(Problem to work on) Quote the material exactly from the line that contains "Cowper Church Sunday" through its last line. Any pictures are to be left out.

(Given information)
_ _ _ _ _ _ _

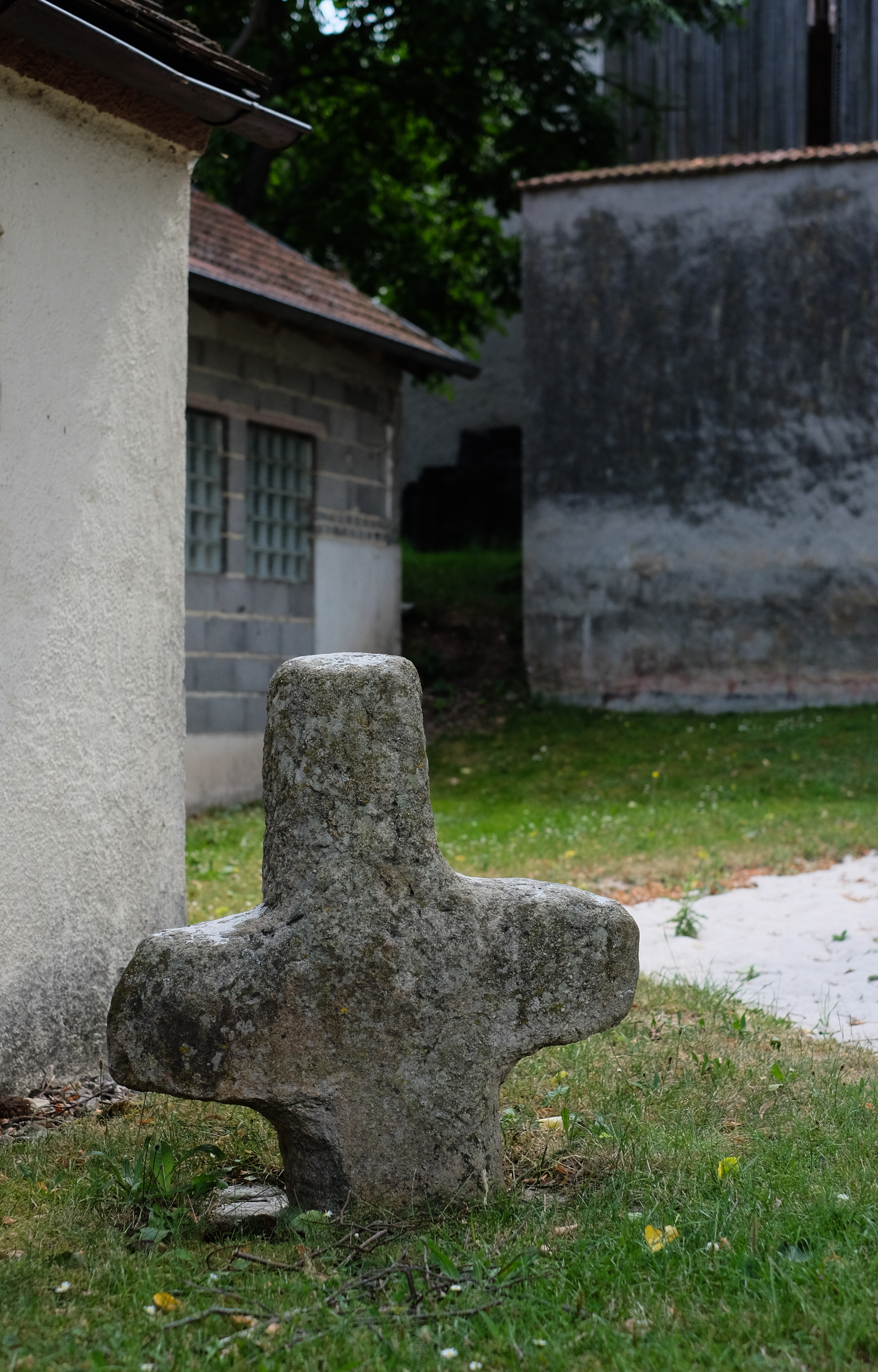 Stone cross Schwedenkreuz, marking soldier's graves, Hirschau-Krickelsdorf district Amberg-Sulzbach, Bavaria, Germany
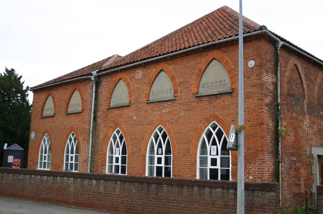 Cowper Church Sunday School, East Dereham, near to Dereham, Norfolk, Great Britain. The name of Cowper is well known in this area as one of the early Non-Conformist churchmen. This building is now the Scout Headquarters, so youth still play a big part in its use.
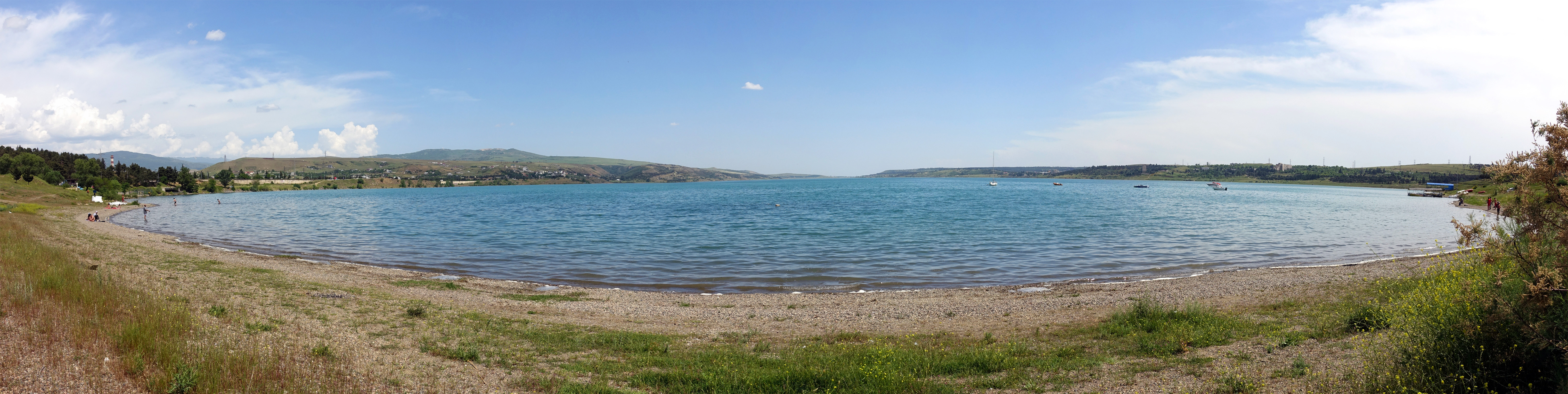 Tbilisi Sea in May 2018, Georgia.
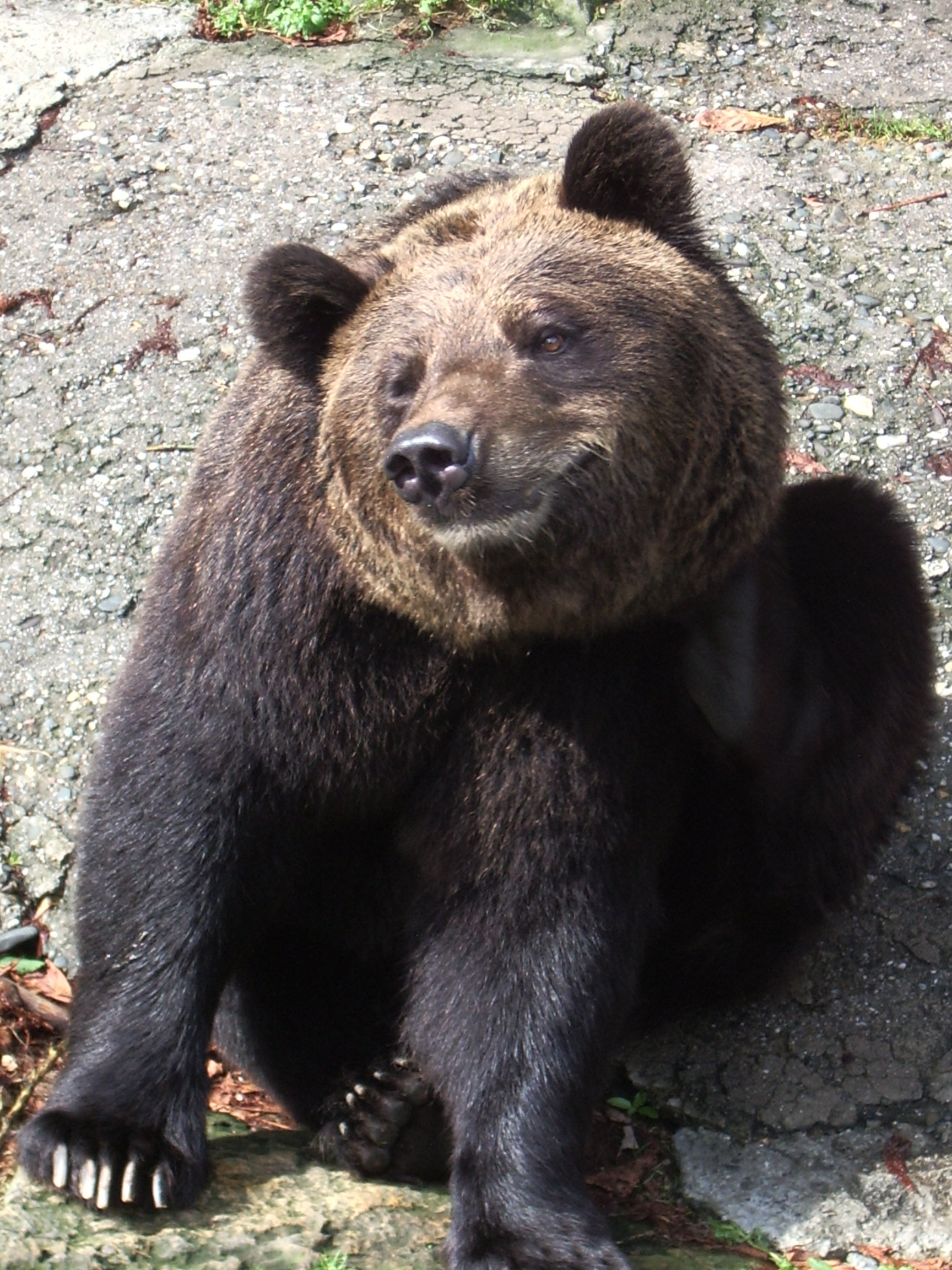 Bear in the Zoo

_ _ _ _ _ _ _

(Solution)
 Cowper Church Sunday School, East Dereham, near to Dereham, Norfolk, Great Britain. The name of Cowper is well known in this area as one of the early Non-Conformist churchmen. This building is now the Scout Headquarters, so youth still play a big part in its use.
 Tbilisi Sea in May 2018, Georgia.
 Bear in the Zoo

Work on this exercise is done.